Solution:
Let the mass of the uniform solid cylinder be \(M\), radius be \(r\), and length be \(l\).
We are given that the moment of inertia about the axis of the cylinder is \( \dfrac{1}{n} \) times its moment of inertia about an axis passing through its midpoint and perpendicular to its length.

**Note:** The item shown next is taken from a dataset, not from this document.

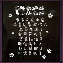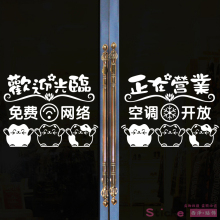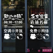 招财猫欢迎光临空调开放时间店名电话微信订做店铺玻璃门墙贴纸
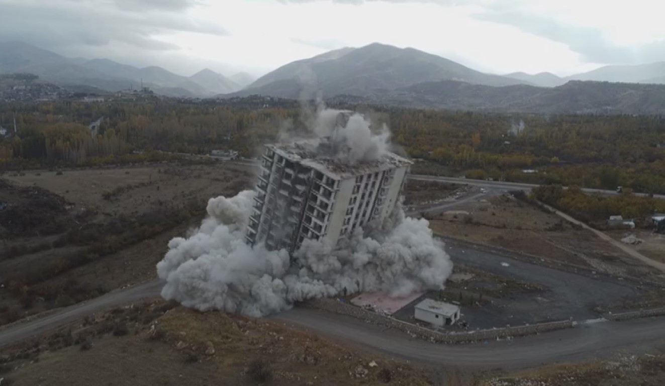 Malatyada 16 katlı ağır hasarlı bina patlayıcıyla yıkıldı

Step 1: Write both moments of inertia
Moment of inertia of a solid cylinder about its own axis is:
\[ I_1=\frac{1}{2}Mr^2 \] Moment of inertia about an axis through its center and perpendicular to its length is:
\[ I_2=\frac{1}{12}M(3r^2+l^2) \]
Step 2: Use the given condition
According to the question,
\[ I_1=\frac{1}{n}I_2 \] Substituting the values:
\[ \frac{1}{2}Mr^2=\frac{1}{n}\cdot \frac{1}{12}M(3r^2+l^2) \]

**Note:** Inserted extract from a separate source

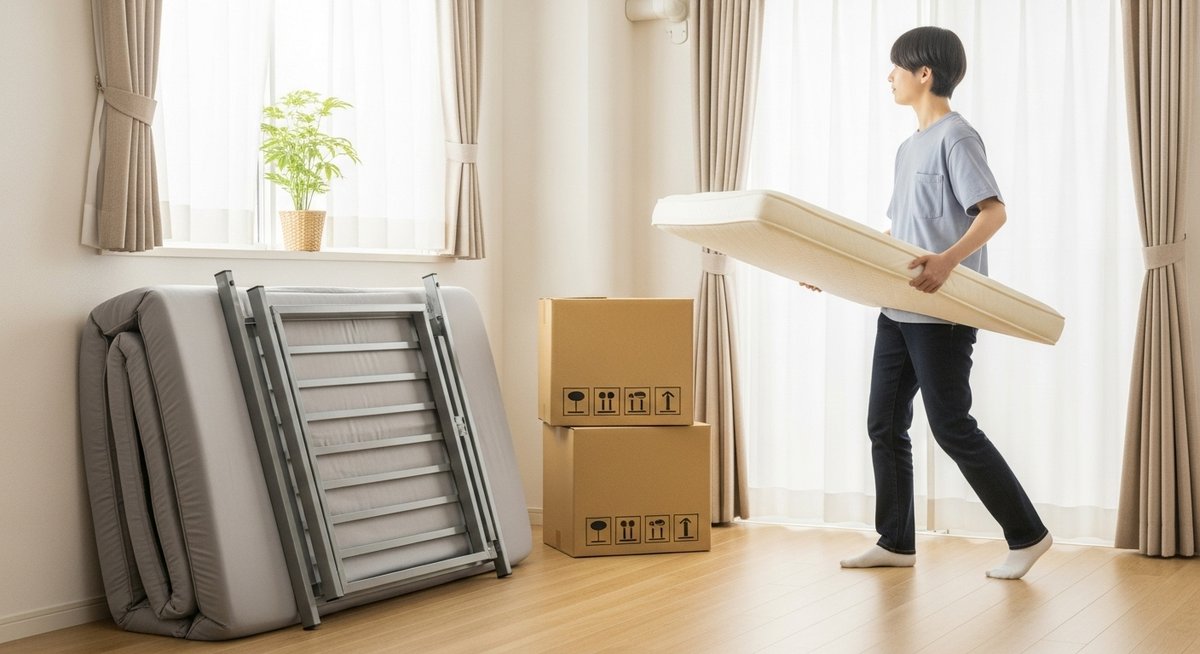 三つ折りマットレスは軽量で折りたたんで運べるため、転勤族に人気があります。畳めば玄関や車に収まりやすく、搬入経路が狭い物件でも扱いやすい点が魅力です。収納スペースに入れて普段は置き場所を節約できます。

Step 3: Simplify the equation
Multiply both sides by \(12n\):
\[ 12n\cdot \frac{1}{2}Mr^2 = M(3r^2+l^2) \] \[ 6nMr^2 = M(3r^2+l^2) \] Cancel \(M\):
\[ 6nr^2 = 3r^2 + l^2 \] \[ l^2 = 6nr^2 - 3r^2 \] \[ l^2 = 3(2n-1)r^2 \]
Step 4: Find the ratio \( \dfrac{l}{r} \)
\[ \frac{l}{r}=\sqrt{3(2n-1)} \] \[ \frac{l}{r}=\sqrt{6n-3} \]
So, the ratio of length to radius is:
\[ \boxed{\sqrt{3(2n-1)}} \]